In quantum mechanics, operators for angular momentum components must satisfy specific commutation relations. These relations ensure the physical consistency of measurements of different components. For the spin operators \(\hat{S}_x, \hat{S}_y, \hat{S}_z\), the commutation relations are:

• \[\left[ \hat{S}_x, \hat{S}_y \right] = i \hat{S}_z\]
• \[\left[ \hat{S}_y, \hat{S}_z \right] = i \hat{S}_x\]
• \[\left[ \hat{S}_z, \hat{S}_x \right] = i \hat{S}_y\]

These commutation relations are key to showing that the spin operators obey the same mathematics as classical angular momentum operators, leading to the prediction and confirmation of quantum phenomena observed in experiments.

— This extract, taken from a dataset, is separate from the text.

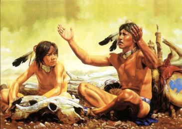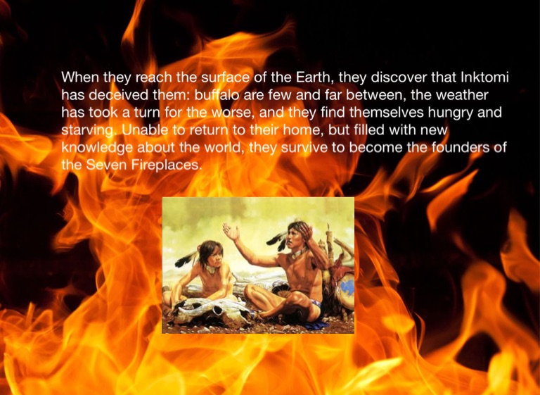 When they reach the surface of the Earth, they discover that Inktomi has deceived them: buffalo are few and far between, the weather has took a turn for the worse, and they find themselves hungry and starving. Unable to return to their home, but filled with new knowledge about the world, they survive to become the founders of the Seven Fireplaces.

Eigenvalues and Eigenvectors

Eigenvalues and eigenvectors are critical in understanding how quantum systems behave when measured. For spin operators, solving the eigenvalue equation \(\hat{S}_i |\psi\rangle = \lambda |\psi\rangle\) identifies the possible states (eigenvectors) and the measured values (eigenvalues).
For the \(\hat{S}_z\) operator, the eigenvalue equation is: \[\hat{S}_z |\psi\rangle = \frac{1}{2}\begin{pmatrix} 1 & 0 \ 0 & -1 \end{pmatrix} |\psi\rangle\].
Solving it yields two eigenstates: \[|\uparrow\rangle = \begin{pmatrix} 1 \ 0 \end{pmatrix}, \ |\downarrow\rangle = \begin{pmatrix} 0 \ 1 \end{pmatrix}\], with corresponding eigenvalues \(\frac{1}{2}\) and \(-\frac{1}{2}\), respectively. These states represent the spin-up and spin-down orientations of a spin-half particle along the z-axis.

Quantum Mechanics

Quantum mechanics is the branch of physics that deals with particles at very small scales, like electrons and photons. It fundamentally differs from classical physics, with principles such as quantization, superposition, and entanglement. In this framework, properties like spin are described using mathematical objects called operators.
The behavior of quantum systems is dictated by the Schrödinger equation: \[i\hbar \frac{\partial}{\partial t} \Psi = \hat{H} \Psi\], where \(\Psi\) is the wave function and \(\hat{H}\) is the Hamiltonian operator. For spin, the Pauli matrices encapsulate the rotational symmetries and intrinsic angular momentum inherent in quantum particles. Understanding these concepts allows us to explore phenomena like atomic structure, quantum computing, and particle interactions at a fundamental level.